I am considering full NC. Quick run-down; My ex-gf dumped me late October after dating for 2.5yrs (she's recently turned 26 i'm 24) - mainly due to 'being at different stages in our lives' and due to there being a lot of unfortunate things happening out of our control in 2012 like family health, personal health, study issues etc. (I'm still studying and she works full time and has been living with someone I don't get along with from Feb 2012). She said that she really values what we had and to not rule it out in the 'future' but at the moment she needs time to become herself again. It was the first big relationship for both of us and I haven't had intercourse with any other woman in my life.

 

I went away working on placements for my nursing for 2 weeks in December, in which I didn't talk to her at all - we had been conversing a little and I did see her late November. It was her birthday on November 30th - and I didn't contact her for it, as I didn't think it was appropriate at the time - When I saw her on Nov 22nd I wished her a happy birthday and gave her a big hug and she said it wasn't my place to worry about a present. When I spoke to her in early December it emerged that she was furious that I ruined her day by not contacting her and she was heart broken that she thought I didn't want anything to do with her any more.
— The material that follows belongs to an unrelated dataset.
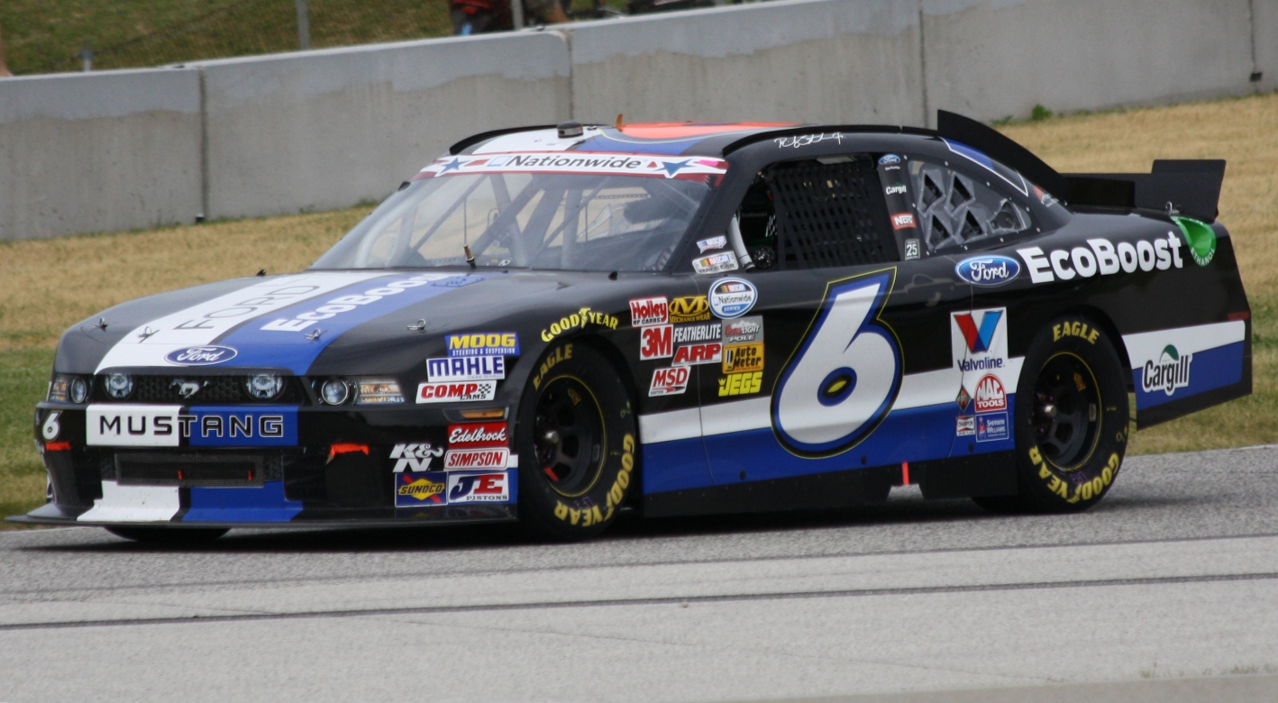 Ricky Stenhouse, Jr. NASCAR Nationwide Series car at Road America at the 2012 Sargento 200.

So when I was away and we didn't talk she thought I was moving on - which I was slightly - Just enjoying my time, flirting with lots of girls at work and working towards my goals, really.

 

She sent me a text on Xmas and it spiraled all of my feelings back for her, and I rang her late December (after responding to her text). We organised to meet up for movies and some drinks some time in January. She asked if I had been with any other girls in any way and I said no - and she said she hadn't been with any guys either. This gave me a little hope but it's also a warning sign and i'm aware of that.

 

This is where it gets really tricky - I was at McDonalds with one of my friends sitting down having a meal, and she walked in with her roommate. At first they didn't see me as I was sitting far away from the entrance & counter, eventually her roommate saw me (who has caused a lot of issues for me and her and all along i've felt she just wanted my ex to be single and sleep around like she does), she nudged my ex and started laughing, my ex did a little nervous laugh from what I could tell and then moved out of sight. She looked like she had put on a lot of weight and wasn't happy. They got takeaway and left straight away. She hasn't bothered to contact me (this was on Friday - it's Tuesday now in Australia). What do I do? I was meant to see her either late this week or early next week.

 

Sorry again for the long post, but I would really appreciate some input as I'm just beside myself at the moment. I was fine in December but ever since Xmas and then seeing her randomly on Friday my mind is everywhere. Luckily I have a very good few circles of friends to hang out with. :confused:

  • Author
Posted

Anyone got anything? Please help! I've gotten terrible anxiety since seeing her at McDonalds and sometimes have shaky hands, it's horrible. I don't like feeling this way.

Posted (edited)

It's the roommate.

 

My girlfriend recently moved in with 2 single girls and guess what, same ****.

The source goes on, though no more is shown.